WORK TO BE COMPLETED: Transcribe, exactly and without pictures, the lines below from the line with "Encore un beau" to the line with "Dit stevige bureau", both ends included, and no others.

DATA FOR THIS EXERCISE:
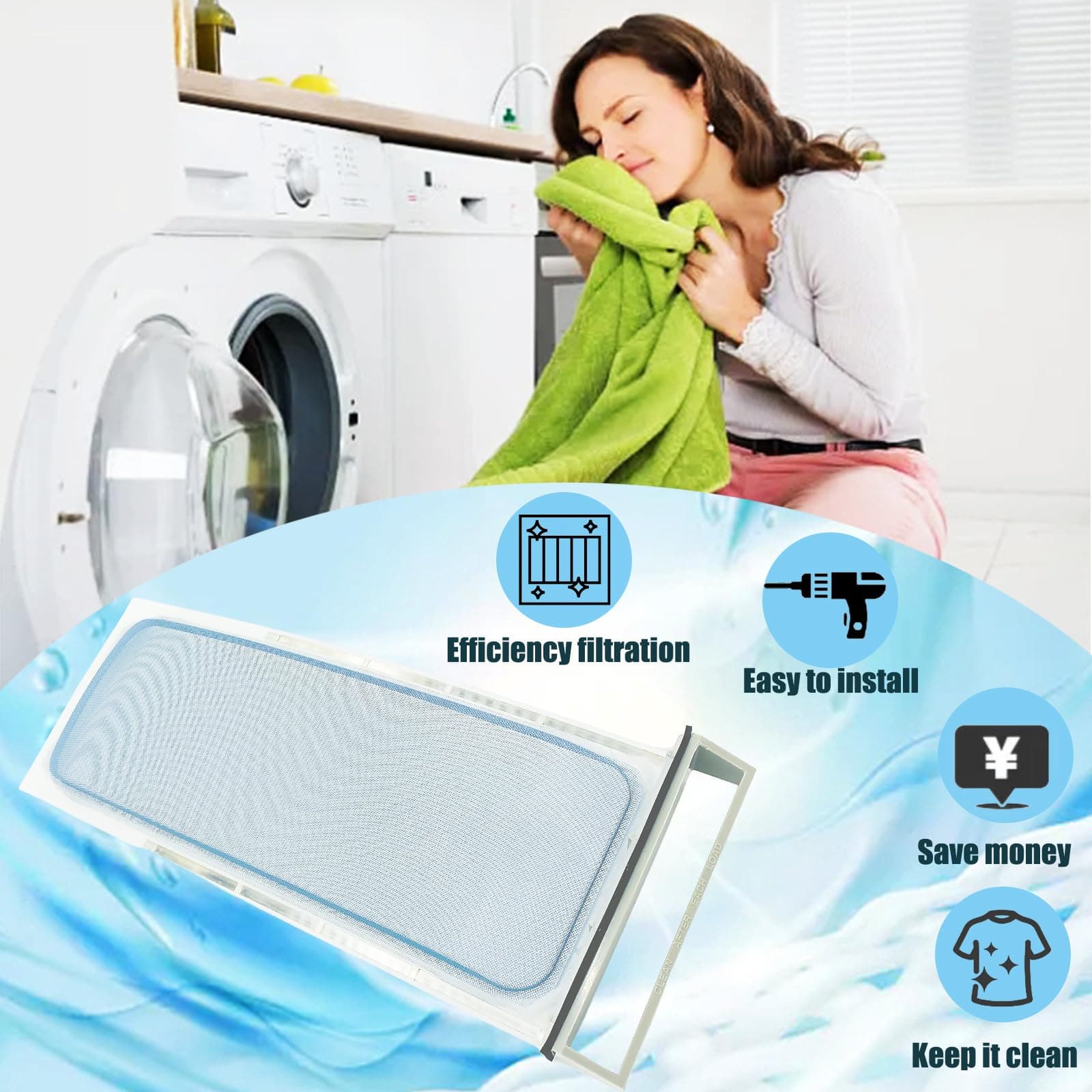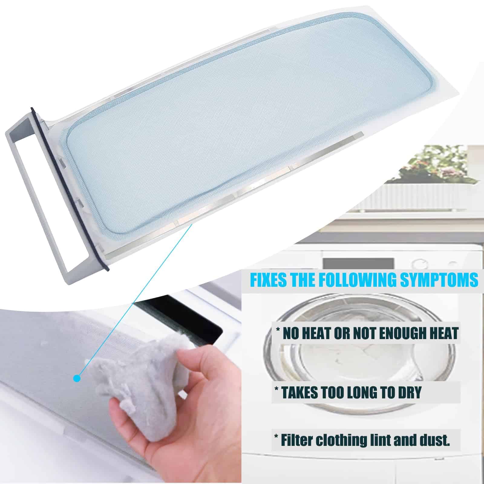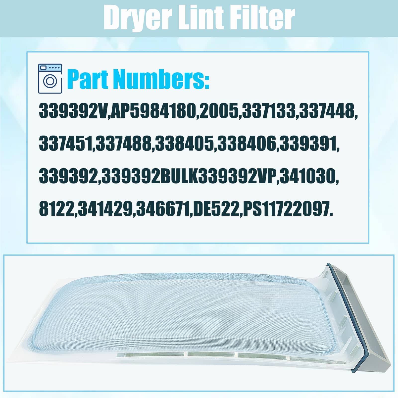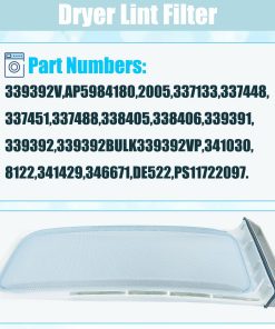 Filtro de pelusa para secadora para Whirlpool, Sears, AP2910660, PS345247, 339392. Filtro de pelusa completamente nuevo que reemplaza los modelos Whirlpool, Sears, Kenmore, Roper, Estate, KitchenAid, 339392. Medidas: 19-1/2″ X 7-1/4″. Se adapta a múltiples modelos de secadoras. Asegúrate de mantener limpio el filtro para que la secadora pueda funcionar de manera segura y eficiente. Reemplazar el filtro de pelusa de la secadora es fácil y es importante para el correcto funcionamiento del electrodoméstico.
--
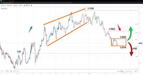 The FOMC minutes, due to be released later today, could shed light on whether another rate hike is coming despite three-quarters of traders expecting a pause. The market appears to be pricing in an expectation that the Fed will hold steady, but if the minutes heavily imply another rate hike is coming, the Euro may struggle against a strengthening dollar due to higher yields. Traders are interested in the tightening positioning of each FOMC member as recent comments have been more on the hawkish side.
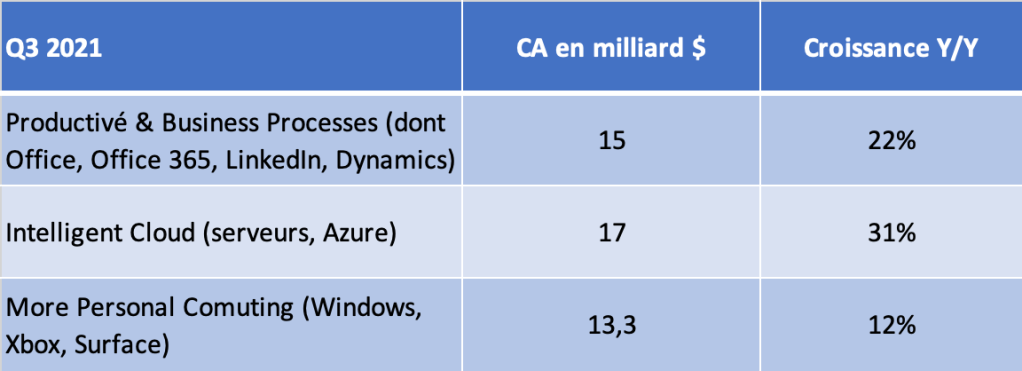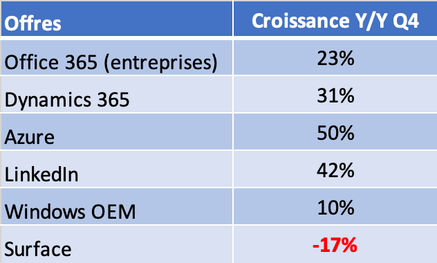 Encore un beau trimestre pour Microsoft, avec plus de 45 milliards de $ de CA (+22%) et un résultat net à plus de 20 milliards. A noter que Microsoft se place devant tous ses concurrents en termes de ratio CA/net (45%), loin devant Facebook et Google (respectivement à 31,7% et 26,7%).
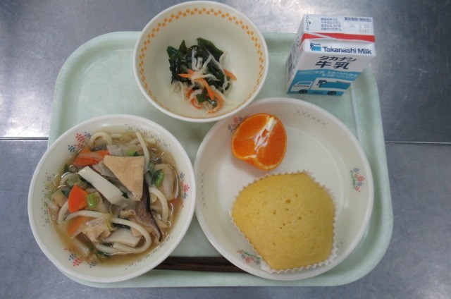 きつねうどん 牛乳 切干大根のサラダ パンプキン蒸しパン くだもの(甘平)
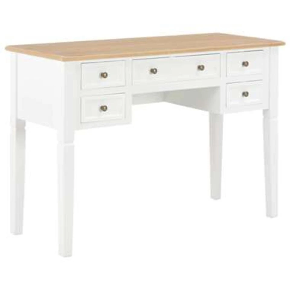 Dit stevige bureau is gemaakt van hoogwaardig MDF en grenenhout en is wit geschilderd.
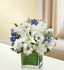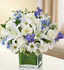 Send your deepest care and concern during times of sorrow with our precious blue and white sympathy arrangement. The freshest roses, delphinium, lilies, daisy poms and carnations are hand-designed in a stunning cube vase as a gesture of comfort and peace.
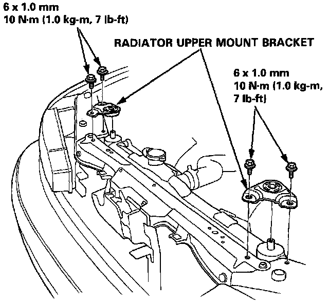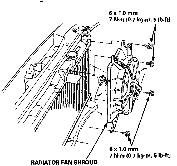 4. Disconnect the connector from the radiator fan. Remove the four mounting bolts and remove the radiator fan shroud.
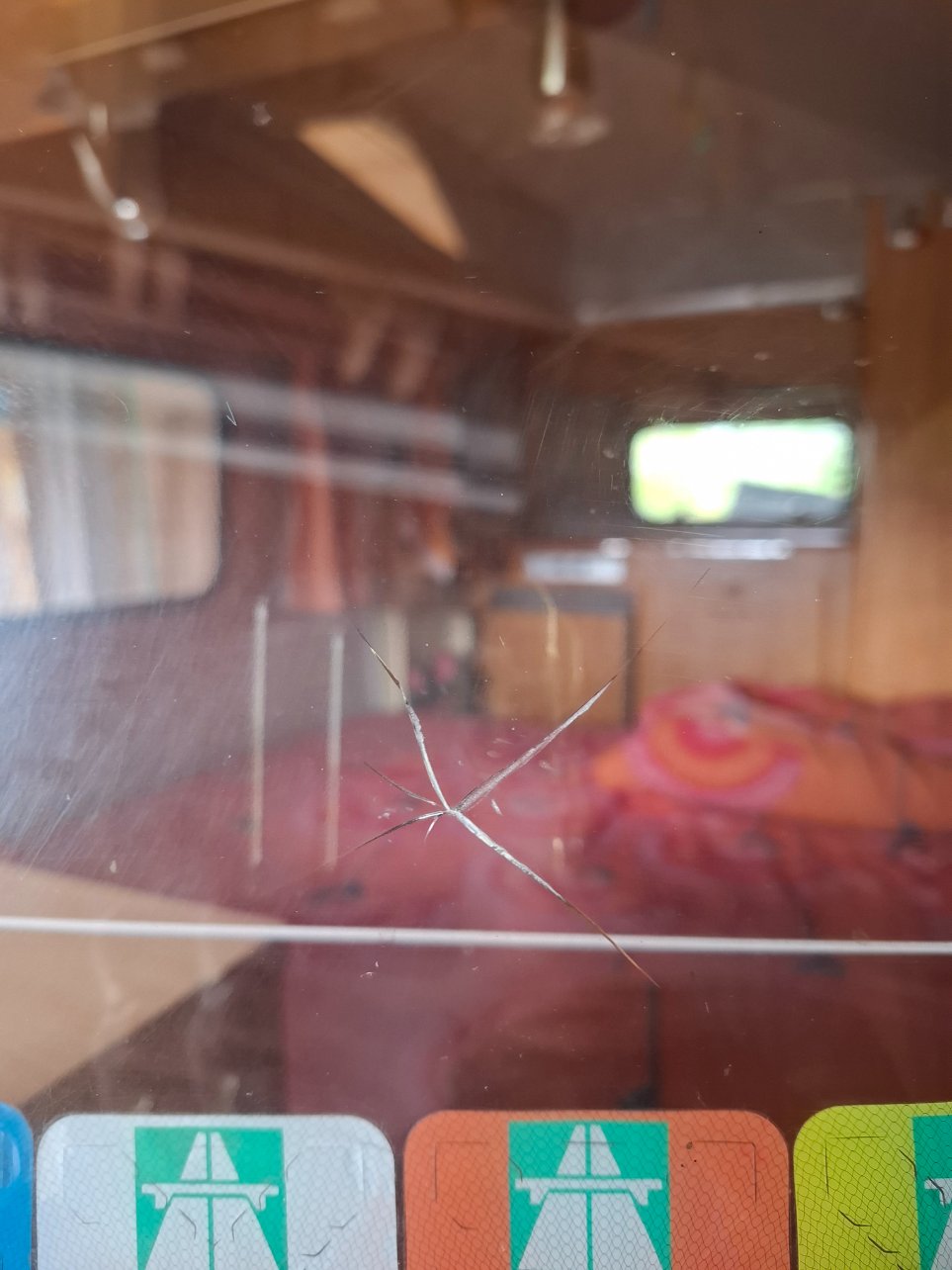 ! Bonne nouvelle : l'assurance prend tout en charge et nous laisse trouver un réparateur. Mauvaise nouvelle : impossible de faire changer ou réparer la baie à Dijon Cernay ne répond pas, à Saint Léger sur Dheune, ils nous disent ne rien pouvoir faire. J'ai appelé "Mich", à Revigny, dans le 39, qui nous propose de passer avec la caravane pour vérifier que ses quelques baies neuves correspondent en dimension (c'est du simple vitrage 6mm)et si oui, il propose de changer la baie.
--
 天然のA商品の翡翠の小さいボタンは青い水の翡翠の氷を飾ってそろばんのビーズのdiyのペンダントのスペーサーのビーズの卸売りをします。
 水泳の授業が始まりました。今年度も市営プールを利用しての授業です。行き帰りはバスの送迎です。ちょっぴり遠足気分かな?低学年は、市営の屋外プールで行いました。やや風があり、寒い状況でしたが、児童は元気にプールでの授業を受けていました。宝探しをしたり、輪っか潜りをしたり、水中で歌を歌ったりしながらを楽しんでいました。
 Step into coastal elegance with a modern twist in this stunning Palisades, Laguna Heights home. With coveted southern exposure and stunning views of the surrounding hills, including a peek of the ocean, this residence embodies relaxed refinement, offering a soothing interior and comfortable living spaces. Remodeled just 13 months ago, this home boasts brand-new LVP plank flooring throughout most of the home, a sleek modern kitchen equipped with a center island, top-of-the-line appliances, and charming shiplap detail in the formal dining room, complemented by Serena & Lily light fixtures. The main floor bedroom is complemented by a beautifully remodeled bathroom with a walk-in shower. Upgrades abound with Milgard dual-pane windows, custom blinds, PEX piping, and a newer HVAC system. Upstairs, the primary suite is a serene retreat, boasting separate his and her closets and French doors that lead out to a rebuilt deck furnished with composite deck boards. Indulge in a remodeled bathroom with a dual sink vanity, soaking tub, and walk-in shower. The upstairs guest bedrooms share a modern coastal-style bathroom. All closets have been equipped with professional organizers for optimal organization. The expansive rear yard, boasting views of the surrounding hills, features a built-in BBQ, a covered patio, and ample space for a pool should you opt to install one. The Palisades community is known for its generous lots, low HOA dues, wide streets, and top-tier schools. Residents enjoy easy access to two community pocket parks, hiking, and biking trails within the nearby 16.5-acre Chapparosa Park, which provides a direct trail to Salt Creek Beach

RESULT OF THIS TASK:
 Encore un beau trimestre pour Microsoft, avec plus de 45 milliards de $ de CA (+22%) et un résultat net à plus de 20 milliards. A noter que Microsoft se place devant tous ses concurrents en termes de ratio CA/net (45%), loin devant Facebook et Google (respectivement à 31,7% et 26,7%).
 きつねうどん 牛乳 切干大根のサラダ パンプキン蒸しパン くだもの(甘平)
 Dit stevige bureau is gemaakt van hoogwaardig MDF en grenenhout en is wit geschilderd.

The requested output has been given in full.